Would it be possible to write out each entry below exactly, without the pictures?

■ Stored entries:
....

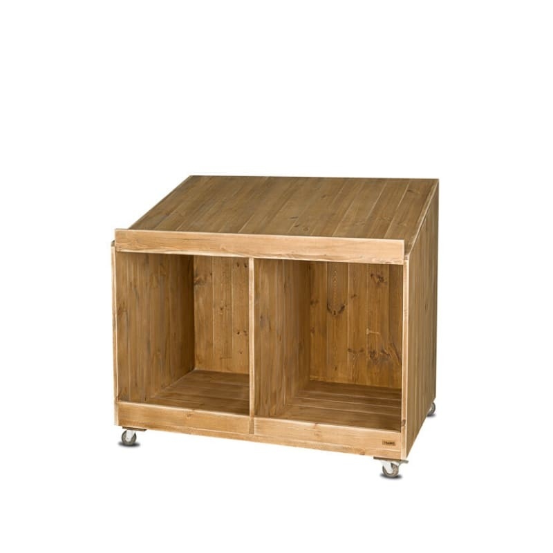 TRADIS Primeur-Display auf Rollen, 2 Fächer, Massivholz
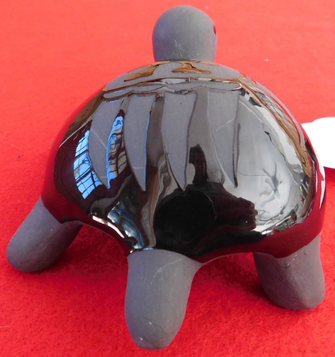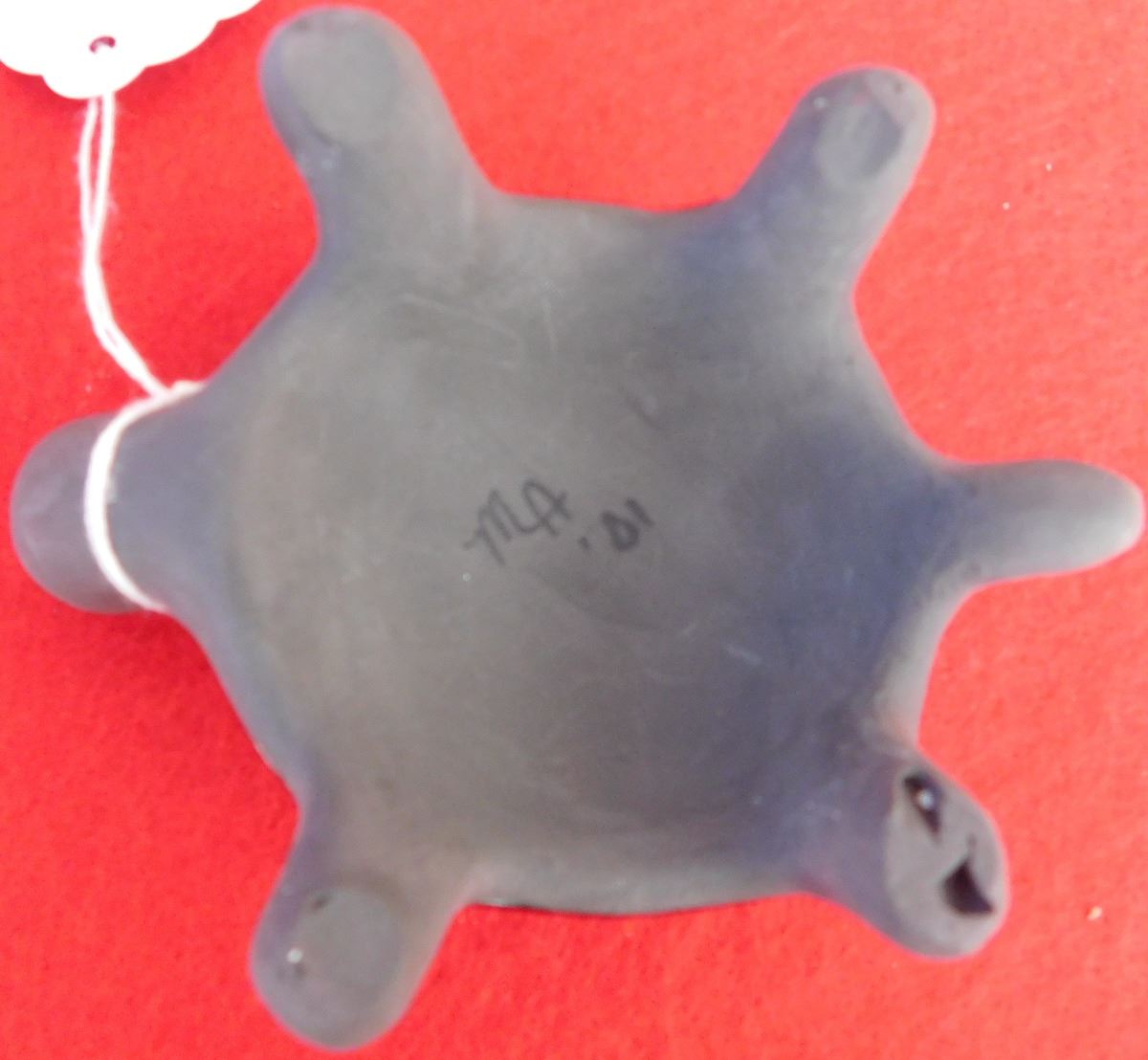 This Maria Adelcia Pottery Turtle is from the 2000's >it is from the San Juan Pueblo and measures 5x3.5 x 2 inches. Great black ware pottery with bear claw design on shell area. Shipping $16.00
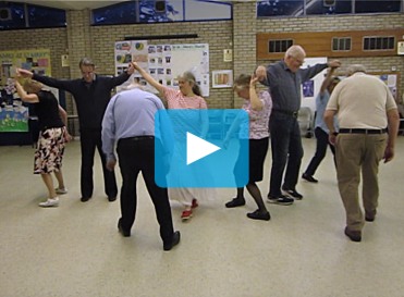 5‑8 | 1st couple swing, ending in the centre of a line of four all holding hands and facing down. |
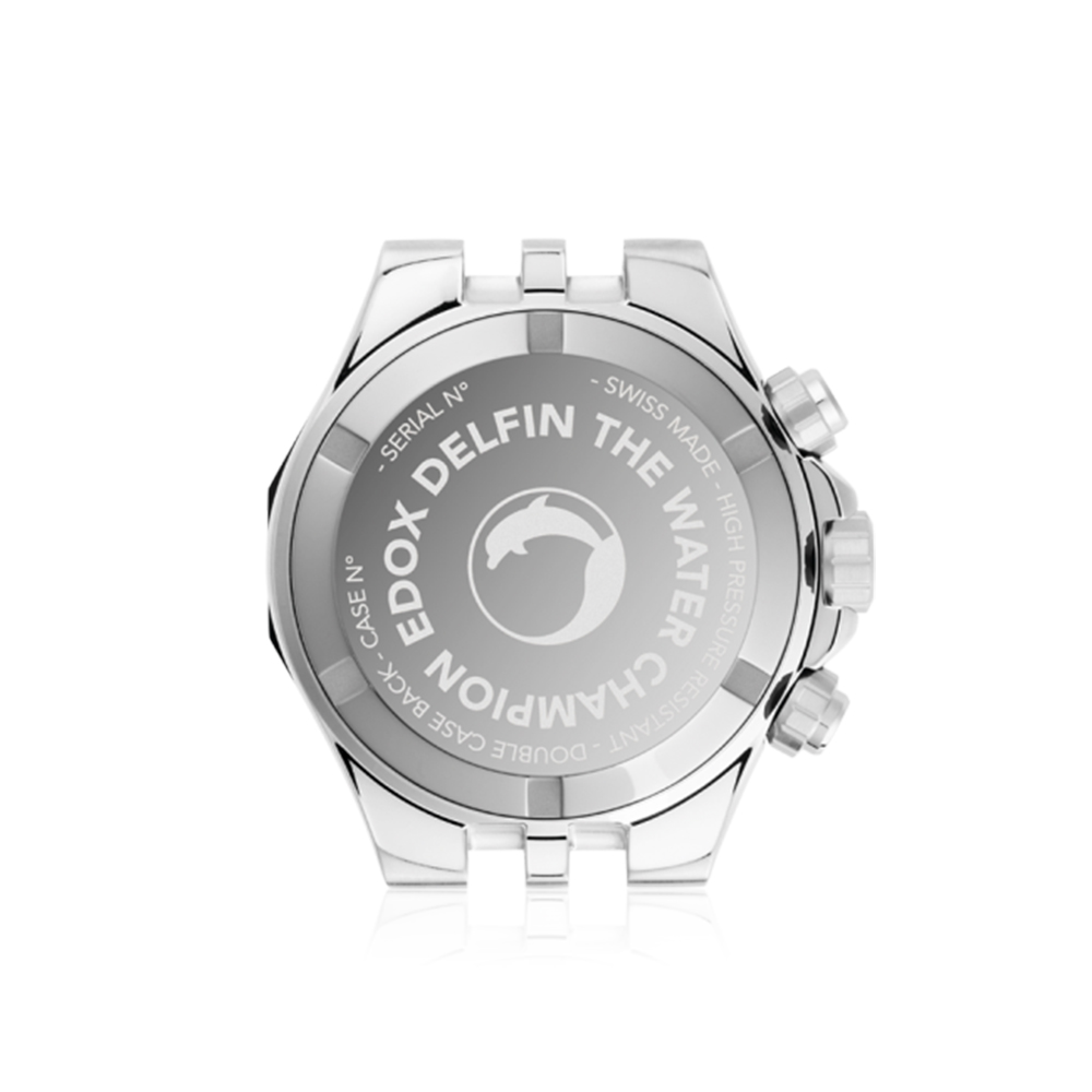 Delfin 水上冠軍系列,十二邊形錶圈 底蓋上鐫刻水上冠軍的標誌 防水200米,夜光指針刻度 享譽盛名的瑞士製錶廠 EDOX 1961 年首度發表了 Delfin 表款 特殊設計的強化雙層防水後蓋,並擁有專利的雙膠圈表冠系統和 堅固的防撞擊能力Delfin防水可達200米,是許多 EDOX 表款的前身 特別適合於海上的活動,例如帆船、潛水和動力快艇。 瑞士依度表以超過 50 年的防水錶專業領域經驗重新演繹 Delfin計時馬表 經典的復古表殼造型保留原創精神 - 特有 70 年代不鏽鋼的錶殼 十二邊形錶圈設計。採用 EDOX 10 Ronda 5021.D 機芯 擁有堅固的強化後底蓋,錶底蓋上鐫刻水上冠軍的標誌, 沿襲之前的驕傲即使在深海高壓的環境中也能順利運行。
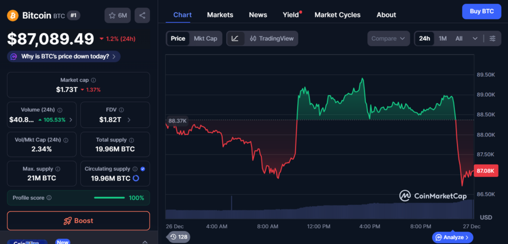 Bitcoin as soon as once more failed to carry an in a single day bounce as promoting strain returned with the opening of U.S. markets. After briefly pushing above $89,000 whereas U.S. merchants have been offline, BTC rapidly reversed course and fell again under $87,000 as American equities resumed buying and selling following the Christmas vacation.
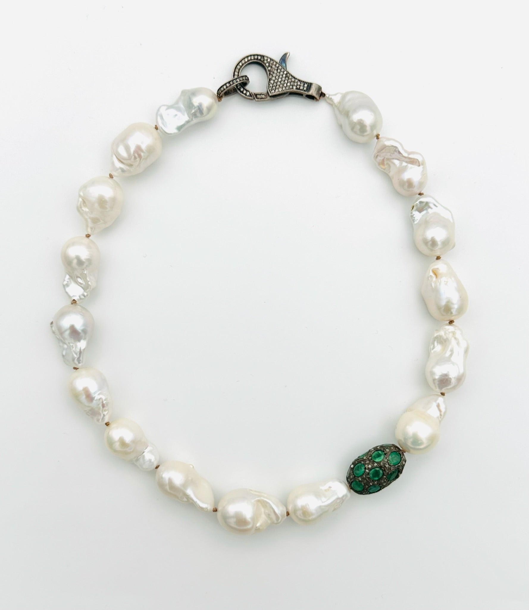 16mm Freshwater White Baroque Short Necklace with Emerald and Diamond Bead and Large Diamond Sterling Silver Clasp, 18" Length
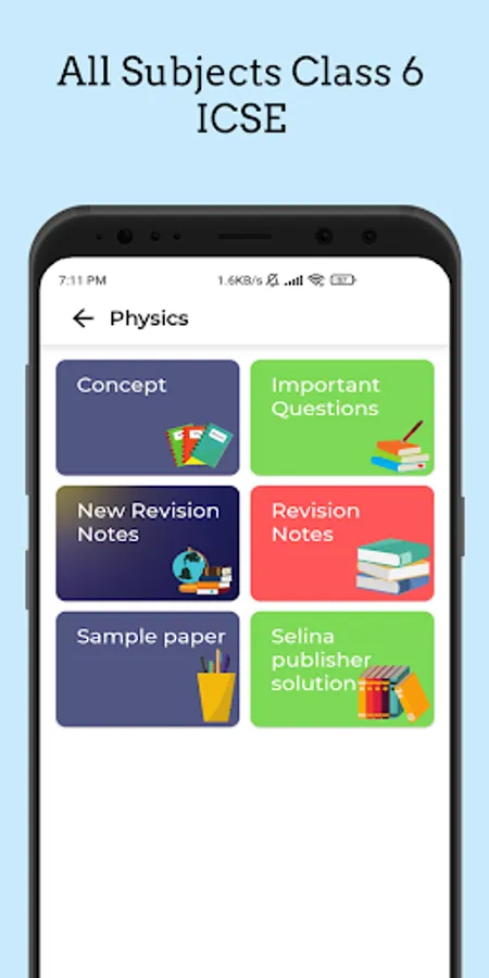 In this app, UI is very easy to use for all students and also includes all the material which is used in Class 6 ICSE.

....

■ ANSWER:
 TRADIS Primeur-Display auf Rollen, 2 Fächer, Massivholz
 This Maria Adelcia Pottery Turtle is from the 2000's >it is from the San Juan Pueblo and measures 5x3.5 x 2 inches. Great black ware pottery with bear claw design on shell area. Shipping $16.00
 5‑8 | 1st couple swing, ending in the centre of a line of four all holding hands and facing down. |
 Delfin 水上冠軍系列,十二邊形錶圈 底蓋上鐫刻水上冠軍的標誌 防水200米,夜光指針刻度 享譽盛名的瑞士製錶廠 EDOX 1961 年首度發表了 Delfin 表款 特殊設計的強化雙層防水後蓋,並擁有專利的雙膠圈表冠系統和 堅固的防撞擊能力Delfin防水可達200米,是許多 EDOX 表款的前身 特別適合於海上的活動,例如帆船、潛水和動力快艇。 瑞士依度表以超過 50 年的防水錶專業領域經驗重新演繹 Delfin計時馬表 經典的復古表殼造型保留原創精神 - 特有 70 年代不鏽鋼的錶殼 十二邊形錶圈設計。採用 EDOX 10 Ronda 5021.D 機芯 擁有堅固的強化後底蓋,錶底蓋上鐫刻水上冠軍的標誌, 沿襲之前的驕傲即使在深海高壓的環境中也能順利運行。
 Bitcoin as soon as once more failed to carry an in a single day bounce as promoting strain returned with the opening of U.S. markets. After briefly pushing above $89,000 whereas U.S. merchants have been offline, BTC rapidly reversed course and fell again under $87,000 as American equities resumed buying and selling following the Christmas vacation.
 16mm Freshwater White Baroque Short Necklace with Emerald and Diamond Bead and Large Diamond Sterling Silver Clasp, 18" Length
 In this app, UI is very easy to use for all students and also includes all the material which is used in Class 6 ICSE.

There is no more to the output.